Clarkesons
Clarkesons: Clarkesons aren’t living individuals. Rather, they’re colonies constructed by a collection of trillions of intelligent cells that work out their appearance and actions through committees, working in concert to create the illusion of a solitary persona. Their hair tends toward day-glow colors (e.g., raspberry or lime green) which contrasts with their fish-belly complexions. Their ‘clothing’ is actually a group of the colony that decided to appear in that fashion as a committee. The overall look resembles that of a circus clown.
Note: It's been established in the novella Calendrical Regression that the number of separate, self-aware celluar committees that come together to form a functioning Clarkeson is one million, eight hundred seventy-two thousand, which by no coincidence is also the number of days in the Long Count cycle of thirteen baktuns from the Mayan calendar. It's unclear how many actual cells comprise each of these committtes, but as a possible frame of reference, the human body is estimated to possess on average some 30 trillion cells.

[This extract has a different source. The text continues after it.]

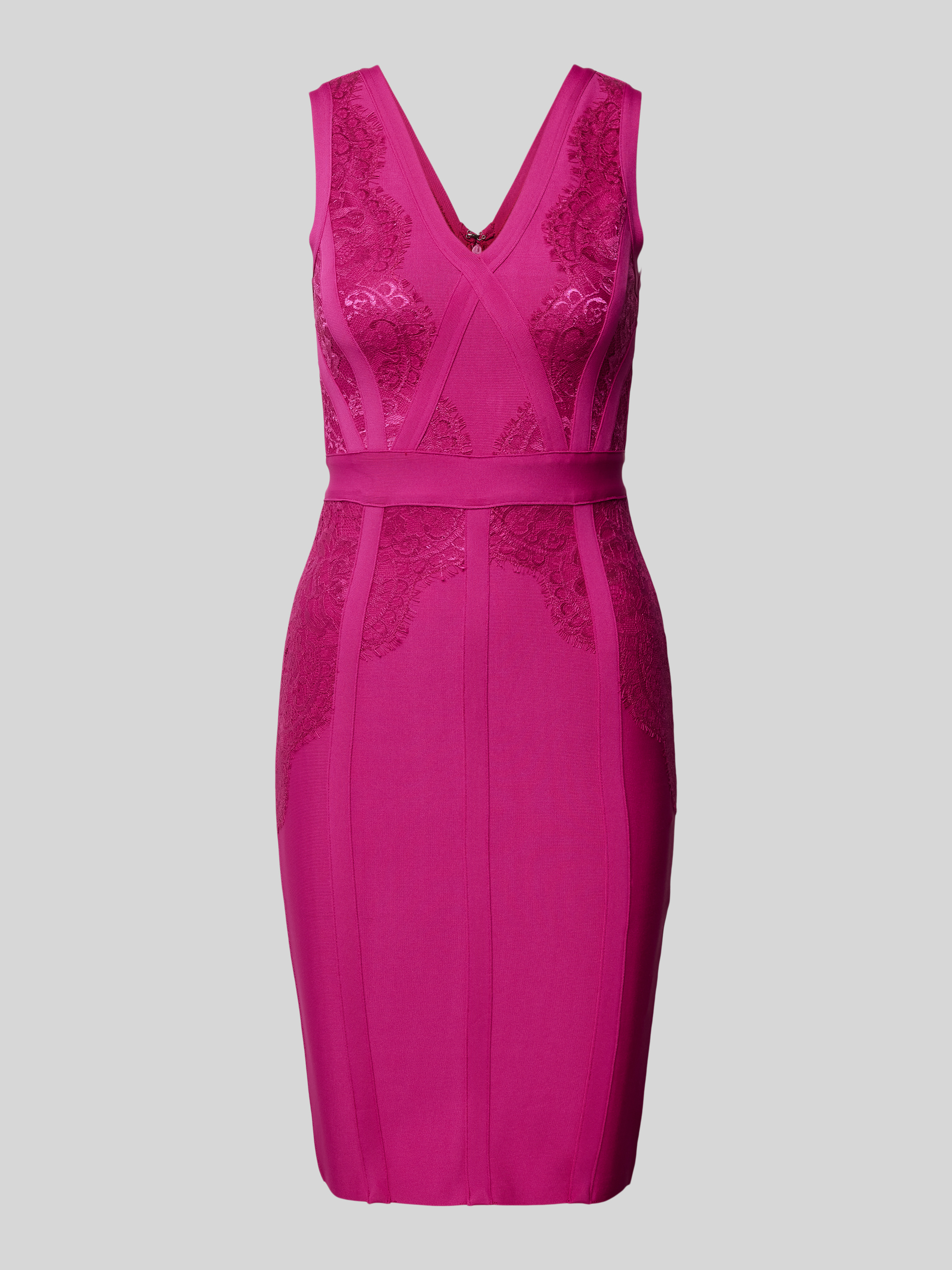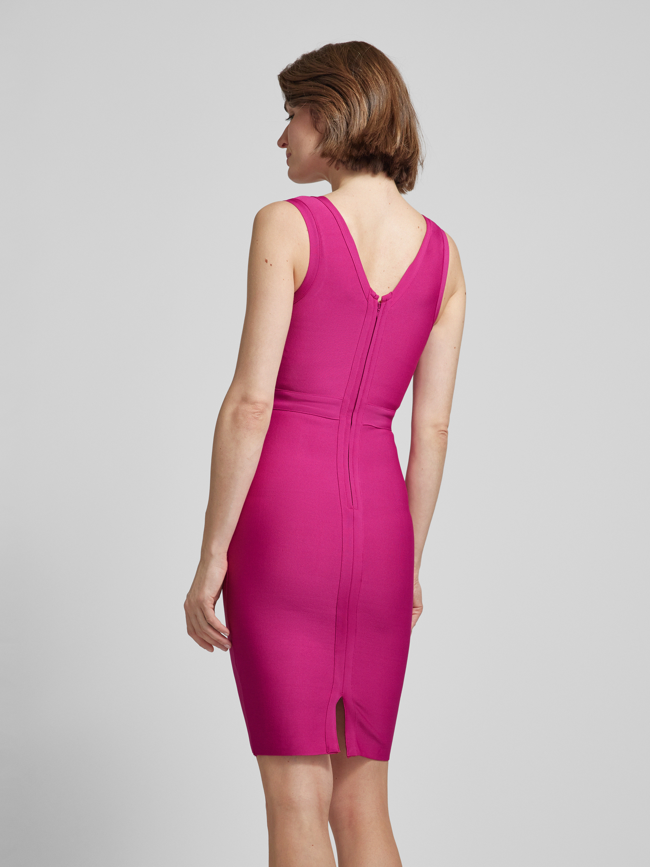 Cocktailjurk met V-hals in felroze

Note: Early in their biological history, the Clarkeson colonies began by creating a symbiotic relationship with another species on their homeworld. Over time, they evolved to use the other species (the Tosh) as a template and grew their own bodies that mimicked the appearance of their hosts. Meanwhile, the hosts developed sentience and eventually sapience, as a consequence of the symbiosis. Although no longer needing the Tosh as hosts, the Clarkesons manipulated their biology to enslave them, transforming them into a servitor race that effectively worshipped the Clarkesons as gods, despite outnumbering than by several orders of magnitude. In service to their overlords, the Tosh developed science and technology. When the Tosh had developed spaceflight, a majority of Clarkesons — estimated at approximately one hundred thousand — departed their homeworld, leaving the enslaved race behind and possessed of an even great majority. Those Clarkesons who stayed behind eventually lost interest in being treated like gods and abandoned their humanoid shapes, preferring to allow their consortiums to float upon their world's oceans like vast and shapeless layers of algae, effectively abandoning their thralls who still yearned to be of service but now had no one to serve
A Clarkeson is first referenced to appear in “Requiem,” though in fact this is a mistake and the being in question is actually a Tosh.